On Thu, Apr 11, 2024 at 1:21 AM Rong Qianfeng <11065417(a)vivo.com> wrote:
>
>
> 在 2024/4/10 0:37, T.J. Mercier 写道:
> > [You don't often get email from tjmercier(a)google.com. Learn why this is important at https://aka.ms/LearnAboutSenderIdentification ]
> >
> > On Tue, Apr 9, 2024 at 12:34 AM Rong Qianfeng <11065417(a)vivo.com> wrote:
> >>
> >> 在 2024/4/8 15:58, Christian König 写道:
> >>> Am 07.04.24 um 09:50 schrieb Rong Qianfeng:
> >>>> [SNIP]
> >>>>> Am 13.11.21 um 07:22 schrieb Jianqun Xu:
> >>>>>> Add DMA_BUF_IOCTL_SYNC_PARTIAL support for user to sync dma-buf with
> >>>>>> offset and len.
> >>>>> You have not given an use case for this so it is a bit hard to
> >>>>> review. And from the existing use cases I don't see why this should
> >>>>> be necessary.
> >>>>>
> >>>>> Even worse from the existing backend implementation I don't even see
> >>>>> how drivers should be able to fulfill this semantics.
> >>>>>
> >>>>> Please explain further,
> >>>>> Christian.
> >>>> Here is a practical case:
> >>>> The user space can allocate a large chunk of dma-buf for
> >>>> self-management, used as a shared memory pool.
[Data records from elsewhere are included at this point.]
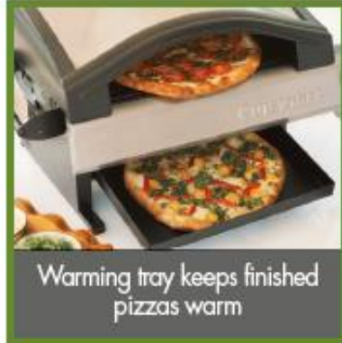
Warming tray keeps finished pizzas warm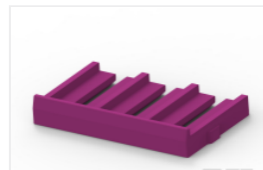
TE Part #2208715-1 2. LOCK,AMP MCP2,8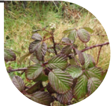
Himalayan blackberry © Forest and Kim Starr.

These shrubs are comprised of stout arching canes covered with large stiff thorns. The thickets are up to 15 feet tall with individual canes up to 40 feet in length. The canes originate from the blackberry root wad. Both species have palmate compound leaves usually in groups of five on main stems and canes are ridged. The easiest identifying characteristic between the two species are the leaves. Himalayan blackberry leaves are large, rounded to oblong with toothed leaflets. Despite its name, Himalayan blackberry does not originate from the Himalayas – it's actually from the Caucasus region in Eurasia!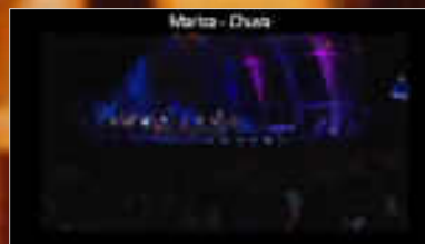
Mariza - Chuva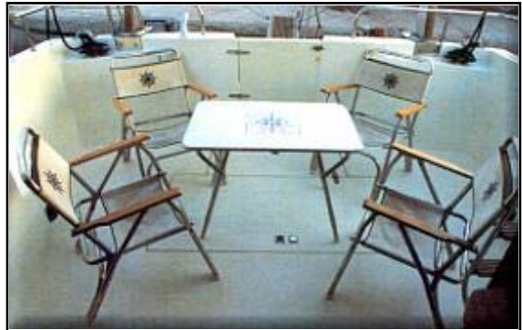
The back balcony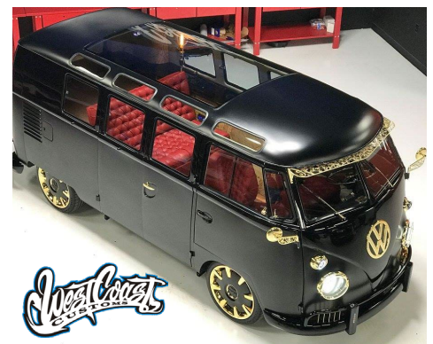
Steampunk VW Bus - West Coast Customs has been using Damplifier Pro since the Pimp My Ride days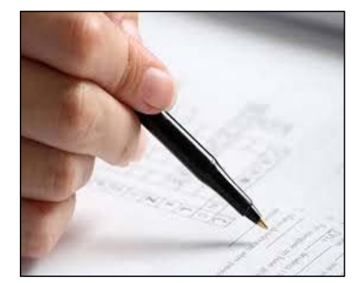
'If it isn't documented, it didn't happen...'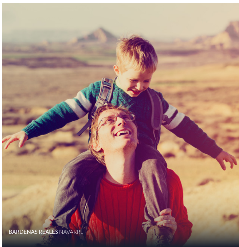
BARDENAS REALES NAVARRE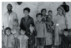
The Foundation Of Social Morality Is Formed In The Family.

The foundation for good communities depends on the good relationships that are established between men and women in marriage. If the relationships between husbands and wives are not established upon fundamental principles of moral stability, society as a whole pays the price. Almost all problems in any society are directly linked to problems in the home. And since the home is the responsibility of husbands and wives, the solving of community problems must focus on solving problems in husband/wife relationships. In order to save our children from great heartache in life, fathers and mothers must accept the responsibility of creating a loving home environment for the development of their children.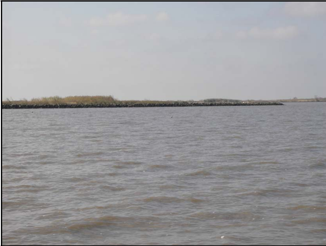
Photo No. 9, Structure No. 7 marsh creation behind rock dike starting to vegetate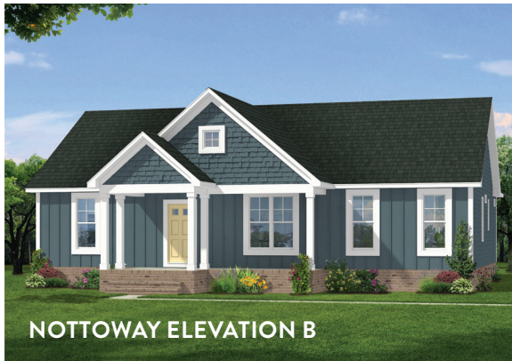
NOTTOWAY ELEVATION B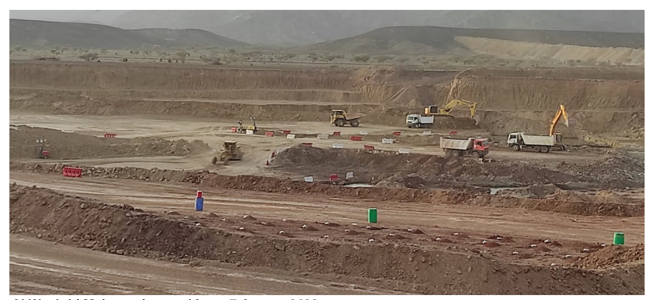
Al Wash-hi Majaza mine working - 7 August 2022.

Perth, Australia: Alara Resources Limited (ASX: AUQ) ( Alara or the Company ), a base and precious metals explorer and developer with projects in Oman, is pleased to provide an update on its project development activities at the Al Wash-hi Majaza Copper-Gold Project ( Project ) in that country. Alara owns a 51% equity interest in the Al Hadeetha Resources LLC ( AHRL ) joint venture which is developing the Project.

> >>>> Small dma-buf can be allocated from this shared memory pool and
> >>>> released back to it after use, thus improving the speed of dma-buf
> >>>> allocation and release.
> >>>> Additionally, custom functionalities such as memory statistics and
> >>>> boundary checking can be implemented in the user space.
> >>>> Of course, the above-mentioned functionalities require the
> >>>> implementation of a partial cache sync interface.
> >>> Well that is obvious, but where is the code doing that?
> >>>
> >>> You can't send out code without an actual user of it. That will
> >>> obviously be rejected.
> >>>
> >>> Regards,
> >>> Christian.
> >> In fact, we have already used the user-level dma-buf memory pool in the
> >> camera shooting scenario on the phone.
> >>
> >> From the test results, The execution time of the photo shooting
> >> algorithm has been reduced from 3.8s to 3s.
> >>
> > For phones, the (out of tree) Android version of the system heap has a
> > page pool connected to a shrinker. That allows you to skip page
> > allocation without fully pinning the memory like you get when
> > allocating a dma-buf that's way larger than necessary. If it's for a
> > camera maybe you need physically contiguous memory, but it's also
> > possible to set that up.
> >
> > https://android.googlesource.com/kernel/common/+/refs/heads/android14-6.1/d…
> >
> Thank you for the reminder.
>
> The page pool of the system heap can meet the needs of most scenarios,
> but the camera shooting scenario is quite special.
>
> Why the camera shooting scenario needs to have a dma-buf memory pool in
> the user-level?
>
> (1) The memory demand is extremely high and time requirements are
> stringent.
Preallocating for this makes sense to me, whether it is individual
buffers or one large one.
> (2) The memory in the page pool(system heap) is easily reclaimed or used
> by other apps.
Yeah, by design I guess. I have seen an implementation where the page
pool is proactively refilled after it has been empty for some time
which would help in scenarios where the pool is often reclaimed and
low/empty. You could add that in a vendor heap.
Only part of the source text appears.